Dois anos depois do desaparecimento de engenheira, apurações realizadas pelas polícias Civil e Militar apresentam conclusões opostas, que serão confrontadas no tribunal
Rio - Um processo de 2.192 páginas marcado por contradições e investigações feitas pelas polícias Civil e Militar, pelo advogado dos acusados e até pelo pai da vítima. Apesar da repercussão, há dois anos, o desaparecimento da engenheira Patrícia Amieiro Branco de Franco, 24 anos, ainda está longe de um desfecho na Justiça.

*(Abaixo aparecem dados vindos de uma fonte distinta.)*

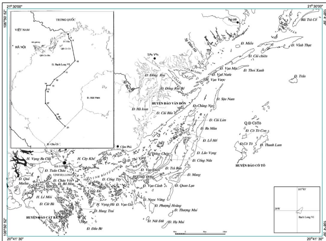
Hình 1. Sơ đồ vị trí 50 đảo ven bờ Bắc Bộ (có diện tích từ > 1 km 2 )
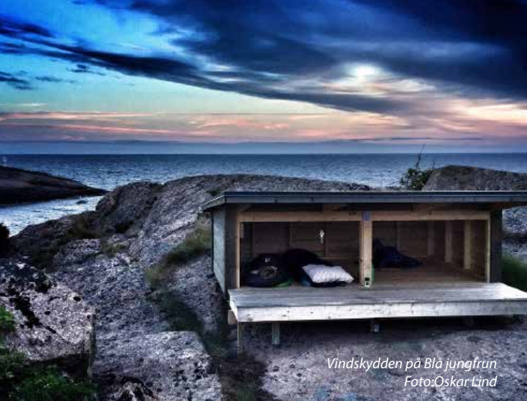
Vindskydden på Blå jungfrun

”Efter den sista mödosamma stigningen upp mot toppen så sitter jag här. Jag smeker med handen över några skrovliga ristningar i stenen bredvid mig. Det är en hälsning från en av alla de som arbetade med stenbrytningen här ute i början av förra seklet. En havsörn cirklar högt över mitt huvud. Blå jungfrun är en magisk plats, på alla vis”.
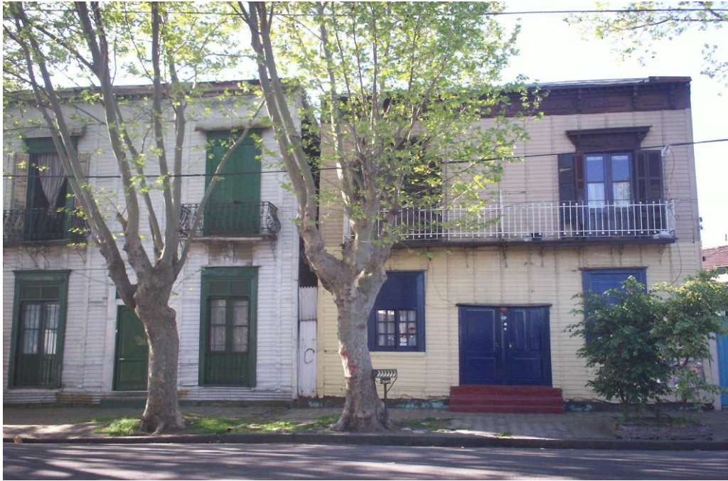
Fotografía de Dock Sud centro, donde se observan antiguas construcciones de comienzos del Siglo XX: los conventillos.

“Todo esto eran conventillos que se fueron prendiendo fuego. Hace poco, hará un año se prendió ese y el de al lado [ubicados hoy en el centro de Dock Sud], los dos. Se prendió primero uno y después el otro...” (J) 36 .
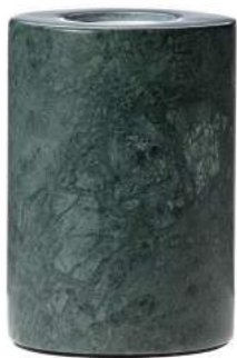
Réf. / Part number : 000015-MV
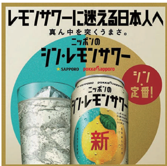
迷わず選べる「シン・定番」 ニッポンのシン・レモンサワー
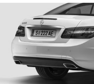
AMG Heckschürze 6)
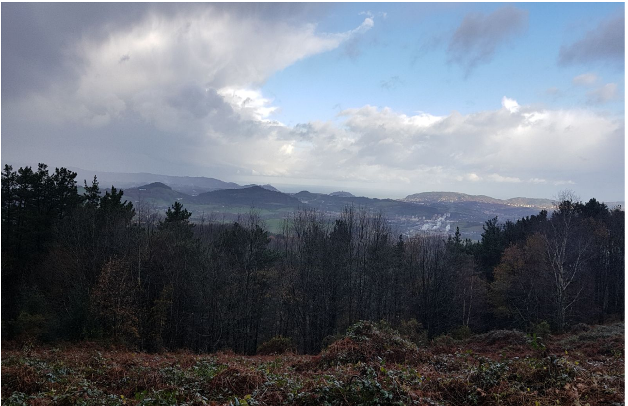
Mulisko Gaietiko paisaia ikusgarriak

Quatro PMs foram denunciados pelo Ministério Público Estadual com base em relatório da Polícia Civil, mas inocentados em Inquérito Policial-Militar (IPM), conforme O DIA mostrou com exclusividade na edição de segunda-feira. Ainda há lacunas no quebra-cabeça dos documentos que poderiam revelar o que aconteceu com a jovem em 14 de julho de 2008, dia em que desapareceu no trajeto da Urca à Barra da Tijuca.
Um dos pontos obscuros é não ter sido encontrado sangue de Patrícia no carro dela, um Palio, que despencou de ribanceira e ficou à margem do Canal de Marapendi, na Barra. O laudo de exame de DNA 089/2008 do Instituto de Pesquisa e Perícias em Genética Forense da Polícia Civil atesta que não há vestígios biológicos da engenheira. Porém, no teto do carro, foram coletadas amostras de ‘perfil genético masculino’.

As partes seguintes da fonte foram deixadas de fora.